The news that Toronto-Dominion Bank (TSX:TD)(NYSE:TD) was raising its mortgage prime rate by 15 basis points to 2.85%, effective immediately, spread like wildfire Tuesday as Canadians pondered how this would personally affect them.

Investors, on the other hand, wondered what this interest rate hike would mean for TD and the other four major Canadian banks.

Two words—more money!

Before I get into the finer points of how the banks benefit, let me remind readers that this rate hike by TD only affects variable rate mortgages and not fixed-rate customers. Nor does it affect lines of credit, etc.

This is simply directed at covering the bank’s rising costs as a result of the four rules being implemented by the federal government to ensure Canada doesn’t experience a housing crisis like the one our neighbours to the south lived through between 2007 and 2009.

At this point, none of the other big banks have followed suit, but it’s expected that they will. For this reason, I’ll examine all five businesses to see exactly how they’ll benefit from this seemingly insignificant rate hike.

TD Bank

  • The bank’s total loan portfolio at the end of October 2015 was $564.4 billion.
  • Its Canadian residential mortgages accounted for $185 billion, or 33% of its total loan portfolio.
  • Approximately 62% of its loan portfolio had maturities of one year or longer, making them sensitive to rate increases. Those are the ones we’re interested in.
  • Of the $349.9 billion, only about $105.0 billion, or 30%, are variable rate loans with the rest fixed-rate in nature. Those aren’t affected by the hike.

Mortgages affected = $55.5 billion ($185 billion multiplied by 30%)

Additional income = $83.3 million ($55.5 billion multiplied by 0.15%)

Royal Bank of Canada (TSX:RY)(NYSE:RY)

  • The bank’s total loan portfolio at the end of October 2015 was $474.3 billion.
  • Its Canadian residential mortgages accounted for $228 billion, or 48%, of its total loan portfolio.
  • Approximately 37% of its loan portfolio had maturities of one year or longer.
  • Of the $175.5 billion, only about $66.7 billion, or 38%, are variable rate loans.

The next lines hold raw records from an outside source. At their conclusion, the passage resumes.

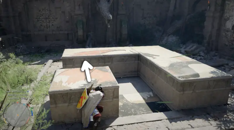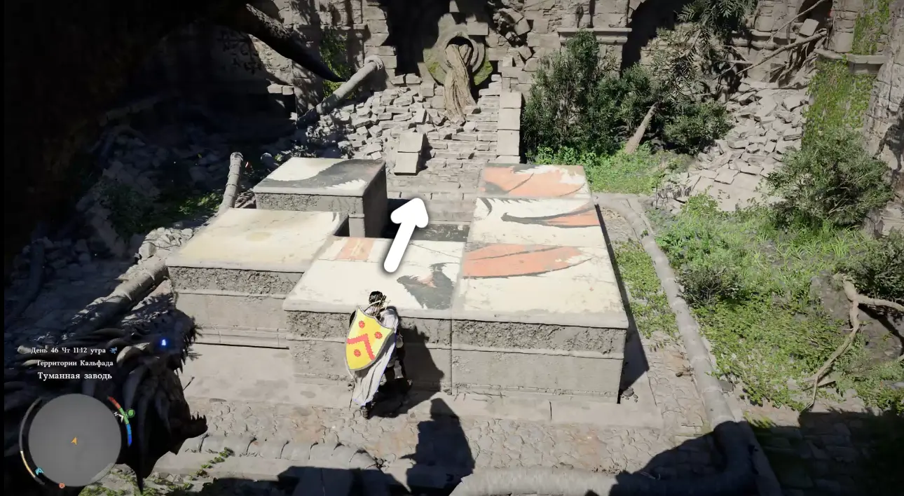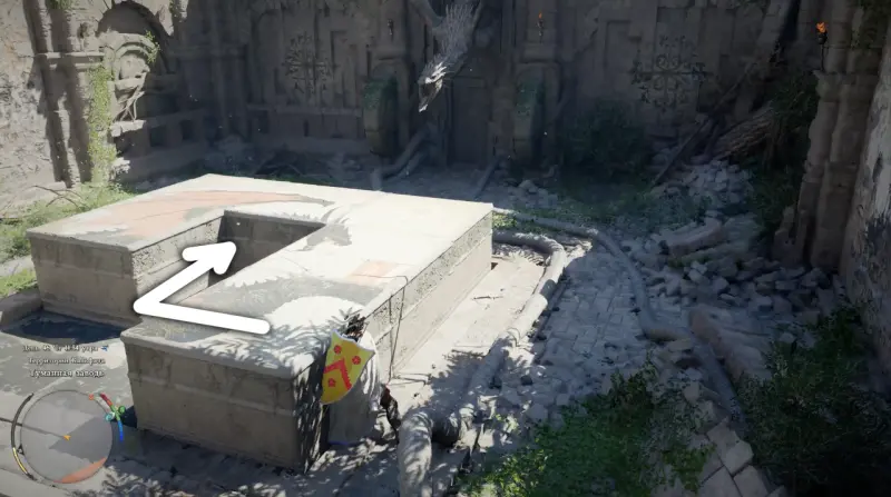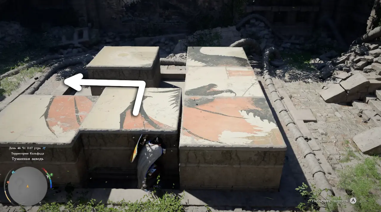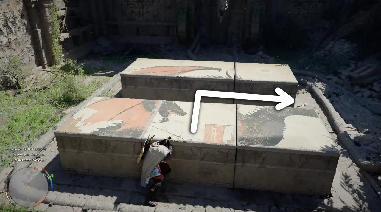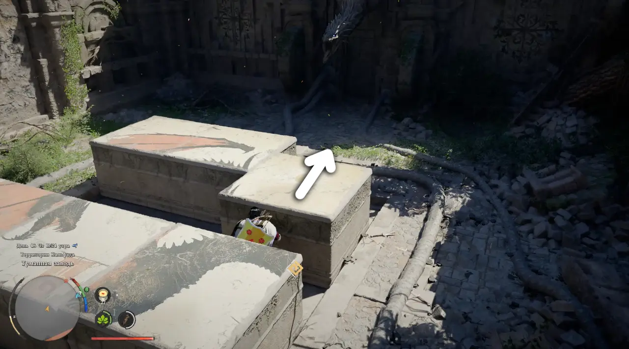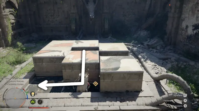 Когда подойдете ближе, обнаружите площадку с каменной панелью, разделенной на несколько квадратных плит. Именно они и формируют изображение, которое нужно восстановить.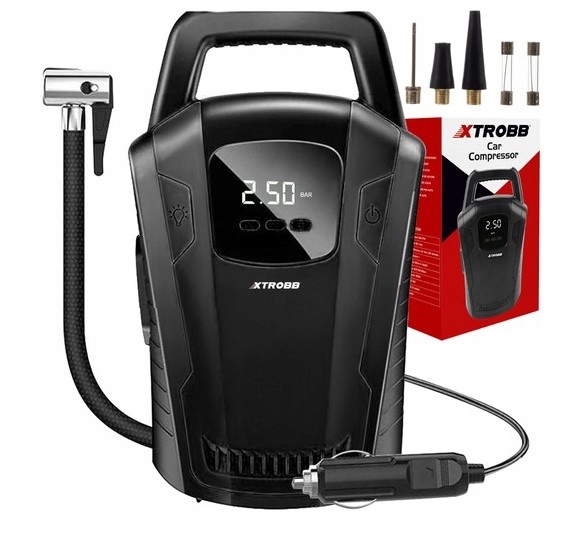 - CAR - Насос має кабель DC 12V з довжиною 2,8 м, а шланг довжиною 47 см, завершений затискаючим наконечником для перекачування автомобілів та мотоциклів. Пристрій також має ліхтарик, завдяки якому вам не вистачає світла під час нічного відмови. Це важливий інструмент, який дозволяє підтримувати належний тиск у шинах, що має вирішальне значення для безпеки водіння, ефективності палива та довговічності шин.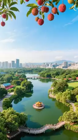 At dusk, climb the Nine-Bend Bridge, where the sunset glow dyes the horizon red, the musical fountain dances to the rhythm, and children laugh and run around. Sitting on a bench at this moment, eating a seasonal late-ripening litchi, its sweet juice bursts forth, filling your mouth with happiness.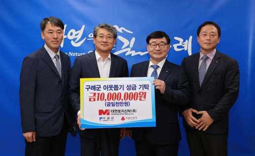대한토지신탁 박종철 대표이사는 “이번 성금이 어려운 이웃에게 조금이나마 도움이 될 수 있기를 바란다”며 “앞으로도 어려운 이웃들의 주거의 질을 높이고 생활환경을 개선하는 등 살기 좋은 구례를 만들기 위해 최선을 다하겠다”고 말했다.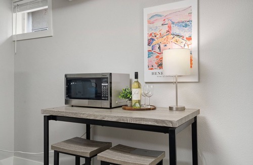 La sala de estar desemboca en la espaciosa cocina remodelada y el área de comedor (con capacidad para 6+) donde puede disfrutar de una cena tranquila cocinada en casa o una maravillosa comida entregada en uno de los muchos restaurantes del casco antiguo.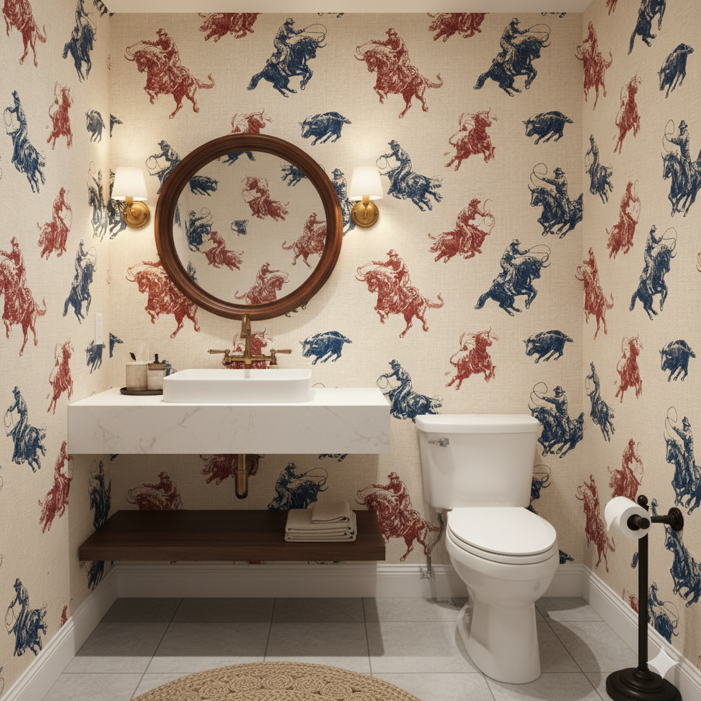 Energetic linework in deep navy and rustic red captures cowboys mid-action: lassoing, bucking, and riding in dynamic Western scenes. The cream linen-textured backdrop enhances the vintage Americana feel, like pages torn from an old rodeo poster. This wallpaper is an instant statement in game rooms, bars, or man caves, while also fitting into eclectic interiors with a love of folklore and storytelling. Its two-tone color palette keeps it cohesive, while the scenes themselves bring life and drama.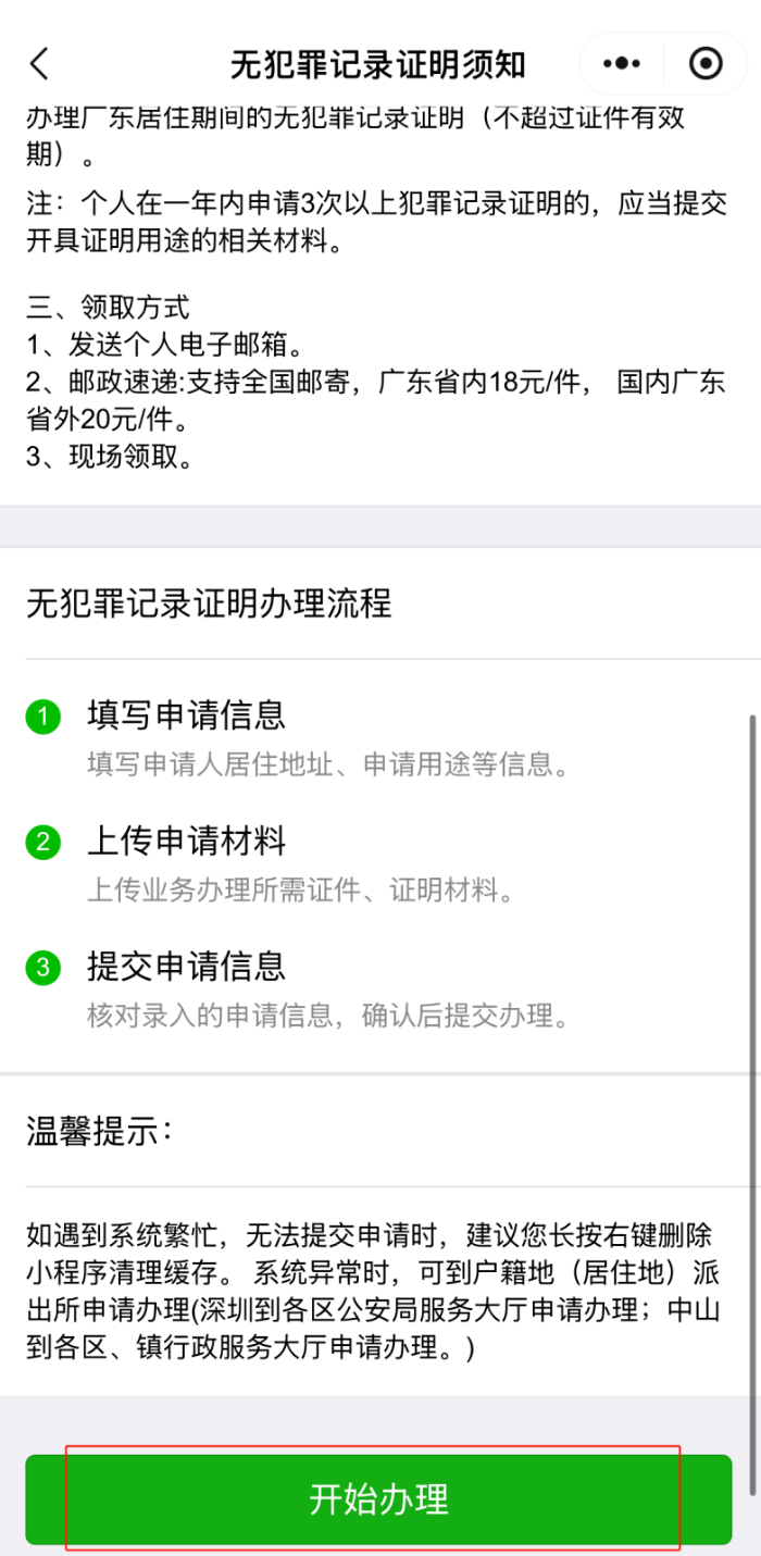 4、仔细阅读办理须知后,点击“开始办理”

Mortgages affected = $86.6 billion ($230 billion multiplied by 38%)

Additional income = $130.0 million ($86.6 billion multiplied by 0.15%)

Bank of Nova Scotia (TSX:BNS)(NYSE:BNS)

  • The bank’s total loan portfolio at the end of October 2015 was $462.8 billion.
  • Its Canadian residential mortgages accounted for $190 billion, or 41%, of its total loan portfolio.
  • Approximately 62% of its loan portfolio had maturities of one year or longer.
  • Of the $286.9 billion, only about $67.6 billion, or 44%, are variable rate loans.

Mortgages affected = $83.6 billion ($190 billion multiplied by 44%)

Additional income = $125.4 million ($83.6 billion multiplied by 0.15%)

Bank of Montreal (TSX:BMO)(NYSE:BMO)

  • The bank’s total loan portfolio at the end of October 2015 was $335.9 billion.
  • Its Canadian residential mortgages accounted for $97 billion, or 29%, of its total loan portfolio.
  • Approximately 58% of its loan portfolio had maturities of one year or longer.
  • Of the $195.9 billion, only about $94 billion, or 48%, are variable rate loans.

Mortgages affected = $46.6 billion ($97 billion multiplied by 48%)

Additional income = $69.9 million ($46.6 billion multiplied by 0.15%)

Canadian Imperial Bank of Commerce (TSX:CM)(NYSE:CM)

  • The bank’s total loan portfolio at the end of October 2015 was $291 billion.
  • Its Canadian residential mortgages accounted for $162.7 billion, or 56%, of its total loan portfolio.
  • Approximately 64% of its loan portfolio had maturities of one year or longer.
  • Note: CIBC doesn’t seem to present the breakdown of loans between variable and fixed-rate, so I’ve taken the average of the other four banks, which is 40%. Therefore, of the $186.2 billion, only about $74.5 billion are variable rate loans.

Mortgages affected = $65.2 billion ($163 billion multiplied by 40%)

Additional income = $97.8 million ($65.2 billion multiplied by 0.15%)

The winner

The winner depends on whether you look at the additional income generated from the 15-basis-point increase in variable rate mortgages in total dollars or the percentage that income represents of the bank’s total loan portfolio.

In addition, this is the prime rate and does not necessarily apply to every variable mortgage a bank might have, so the ultimate number could be much lower. It’s simply meant to give an idea of what this move might mean for shareholders.

Therefore, in total dollars, Royal Bank would benefit most at $130 million.

However, if you consider the bank’s additional income as a percentage of its total loan portfolio, then CIBC benefits most, followed by Royal Bank, Bank of Nova Scotia, Bank of Montreal, and TD, which is ironic given TD is the one that got this ball rolling.